Feeling as though she had tuned in to the same bad movie for the fourth or fifth time, Angela entered the school office. The secretary told her that Ms. Petty was waiting for her and to go on in. She stepped timidly into the principal’s personal territory. Something was odd about the light. Behind the desk, Petty was in shadows. Angela looked up and saw that the light fixture was wrapped in something black. The lamp on the desk was draped over as well. Petty spoke:

“What do you have to say for yourself, miss Angela Poltergeist?”

“Excuse me?”

“I guess you thought it was funny, but you are going to pay! Doesn’t look very funny now, does it?”

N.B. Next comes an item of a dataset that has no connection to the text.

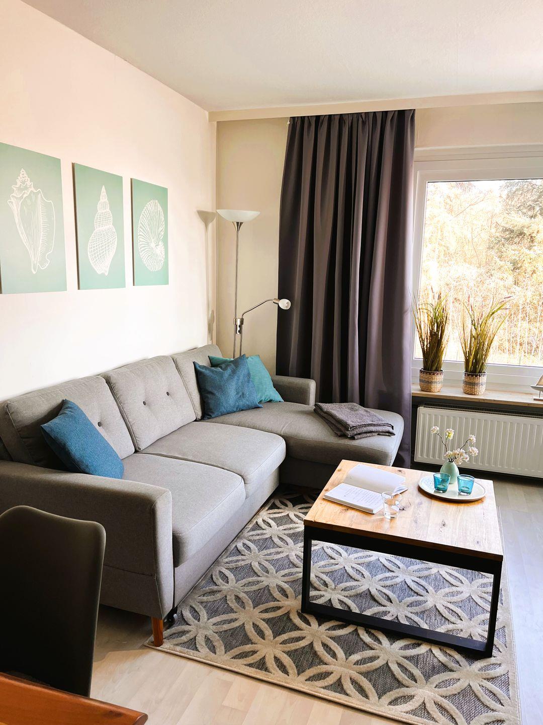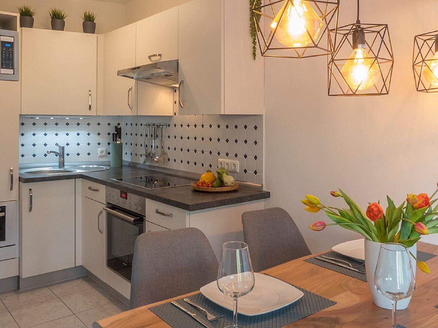 Herzlich Willkommen in dieser Modernen 2 Zimmer Ferienwohnung. Durch den Eingang gelangen Sie in den Flur, wo sich auf der linken Seite ein großer Einbauschrank befindet und ausreichend Platz für Ihre Sachen bietet. Zu Ihrer Rechten gelangen Sie in das helle neu renovierte Duschbad. Vom Flur gelangen Sie ins großzügige Wohnzimmer, hier finden Sie ein ausziehbares Schlafsofa, einen 50 Zoll smart TV und einen Blue Ray Player für lauschige Abende. Sollten Sie Musik bevorzugen, steht Ihnen eine Stereoanlage mit CD-Player zur Verfügung, die Sie auch bei einem gemütlichen Abendessen im offenen Essbereich zur Küche nutzen können oder beim zubereiten Ihrer Lieblingsspeisen in der zum Wohnraum offen gehaltenen Einbauküche. Die ist mit allem ausgestattet was das Herz begehrt, wie zum Beispiel: einem Cerankochfeld, einem Backofen, einem Kühlschrank mit kleinem Eisfach, einer Mikrowelle, einem kleinen Geschirrspüler, einer Kaffeemaschine, einem Wasserkocher, einem Toaster und einem Eierkocher.

Angela decided that the best approach was to be quiet, as anything she said would be pounced on and she had no idea what she was alleged to have done. The silence extended uncomfortably, but Angela looked the principal in the eyes and waited.

“Well, answer me!” said Petty at last.

Angela took a deep breath, let it out slowly and, making a monumental effort to control her feelings, said:

“Ms. Petty, if you are accusing me of something, please tell me what it is.”

“You know what you’ve done!”

Angela felt like screaming in frustration. Instead, she waited.

Petty exploded. “What is the meaning of all this?!” she exclaimed, indicating the lamp and the light fixture.

“Ms. Petty, I really don’t know.”

“You don’t know,” echoed the principal, oozing sarcasm. “These are your dance clothes!” She lifted up a pair of undies from where they had been laid on the telephone. They had blended into the shadows and Angela had not seen them.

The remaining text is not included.